An object moves with constant acceleration 4.60 m/s2 and over a time interval reaches a final velocity of 10.0 m/s. If its initial velocity is −5 m/s, what is its displacement during the time interval? What is the total distance travelled?

a=4.60m/s^2
vi=-5 m/s
vf=10m/s

Homework Equations

vf= (vi)+(a)(t)
deltax=(vi)(t) + 1/2(a)(t)^2

The Attempt at a Solution

vf=vi+at
10=-5+(4.6)t
t=3.26 s

deltax= vit+1/2(a)(t)^2
deltax= (-5)(3.26)+1/2(4.6)(3.26)^2
deltax= 8.14 m (displacement)

total distance traveled = 8.14 m

the answer i got for displacement is correct but the total distance traveled is wrong and i can't figure out why. can anyone help me please?

 

[cepheid]

Welcome to PF Joe26,

Homework Statement

An object moves with constant acceleration 4.60 m/s2 and over a time interval reaches a final velocity of 10.0 m/s. If its initial velocity is −5 m/s, what is its displacement during the time interval? What is the total distance travelled?

a=4.60m/s^2
vi=-5 m/s
vf=10m/s

Homework Equations

vf= (vi)+(a)(t)
deltax=(vi)(t) + 1/2(a)(t)^2

The Attempt at a Solution

vf=vi+at
10=-5+(4.6)t
t=3.26 s

deltax= vit+1/2(a)(t)^2
deltax= (-5)(3.26)+1/2(4.6)(3.26)^2
deltax= 8.14 m (displacement)

total distance traveled = 8.14 m

the answer i got for displacement is correct but the total distance traveled is wrong and i can't figure out why. can anyone help me please?

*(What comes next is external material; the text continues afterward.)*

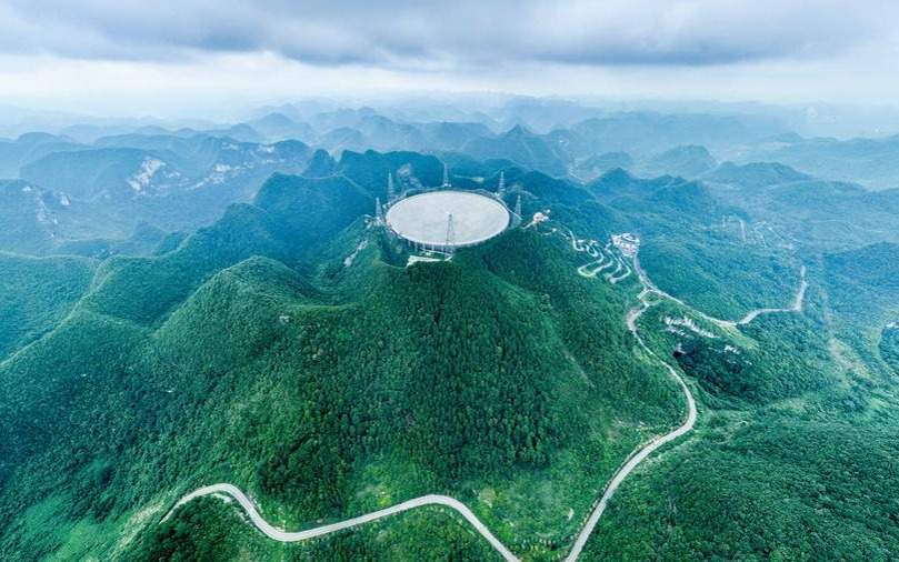 Расположенный в естественной глубокой и округлой карстовой впадине в провинции Гуйчжоу на юго-западе Китая телескоп FAST официально начал работать в январе 2020 года. Считается, что это самый чувствительный радиотелескоп в мире.

The object is initially traveling in one direction, but then it slows, stops, and begins traveling in the opposite direction. If you just use that equation above for delta x, the movement in the negative direction will cancel out part of the movement in the positive direction, and you'll just end up with the net change in position (i.e. the displacement), which is how far it ended up from its starting point (when all was said and done).

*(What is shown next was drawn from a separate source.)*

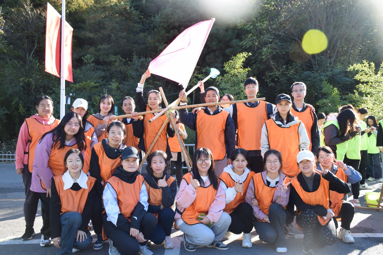 活动现场,在拓展教练的指挥下,破冰团建热身活动很快消除了大家的陌生和距离感,来自不同部门、不同学院的教职工们迅速组成4支拓展队伍,金铠甲队、活力橙队、绿豆营队、绝绝紫队等响亮的队名尽显新入职教职工风采。接着,队员们自创队旗、口号,以别出心裁的造型亮相,展示各自团队实力。

What you need to do is figure out how far it went in the negative direction, and then how far it traveled in the positive direction after its turn-around. Then add these together to get the total distance travelled, which will be larger than the net displacement. So, you sort of have to break the problem into two parts: the portion during which the motion was in the negative direction, and the portion during which the motion was in the positive direction.

 

[Joe26]

thank you for your help, i split the problem into two parts and got my answer! what i did first was to find the time it takes it get from velocity=-5m/s to velocity=0m/s (vi=-5m/s; vf=0m/s). Then i used the displacement formula to find distance in the negative direction. After that, i found the time it takes to get to from velocity=0m/s to velocity=10m/s (vi=0m/s; vf=10m/s). Then i used the displacement formula to find distance in the positive direction. Added the two distances to get total distance travelled. Thanks for your help!